Owen is a snuggle bug. He's also had some rough fussy evenings the past few nights. It's nothing overly out of the ordinary. After a long day of fun and play, he's tuckered out and wants to eat, sleep and play all at the same time. Throw the Mom and Dad are home factor into the mix and you have a recipe for one big dose of screaming baby boy! We've adjusted to this time with him. One day he'll outgrow it and bedtime will be the way I always pictured it to be. Bathtime, PJs, bedtime stories and snuggles. When I was growing up we always used to say Night Night. Sleep Tight. Don't let the bed bugs bite. Mom kissed my cheek and left the door cracked just to let a little light in. It was blissful and safe and so special to me. So one day...I hope Owen feels the same way about his bedtime. Regardless and back to the point, tonight, I got a glimpse of what pure and absolute wordlessly describable love for another human being feels like. It's like nothing else I've ever known.
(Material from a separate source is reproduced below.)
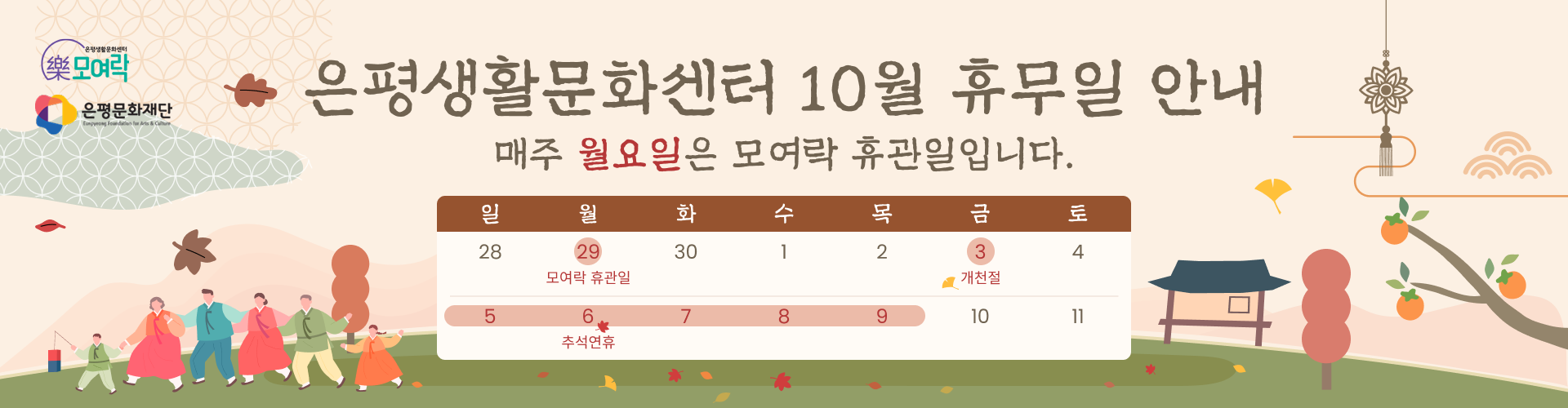 은평생활문화센터 2025년 10월 휴무안내

Tonight feeding Owen was a struggle. He was so worked up before his bottle he was sweating. Over exhaustion + hunger = disaster in the Linley House. It took quite a bit of coaxing, but he finally calmed down enough to eat. He had just finished up a bottle. And his little eyes were red from rubbing and exhaustion. So I snuggled him up in one of his favorite cozy blankets and rocked him in his rocker. As I patted his butt and sang to him, his eyes grew heavy and his arm went limp. I started singing You are My Sunshine...and from behind his pacifier came a little grin. Every time I sang You'll never know dear, how much I love you...he cracked open an eye and his smiles got bigger. This went on for I can't tell even say how many verses of the song. His smile got bigger and bigger each time until he really let go and went to sleep. By the time he was really asleep, I had tears streaming down my face. Something about that little smile and those baby blue eyes cracked open to see my smiling face staring down at him, gave me emotions I cannot describe with words. It's just love. Pure and simple. Love for a boy in my life that I never imagined could be so incredibly strong. What an amazing moment. Owen if you read this some time later in your life, know how much I love you. At this moment and always. My boy. My sunshine!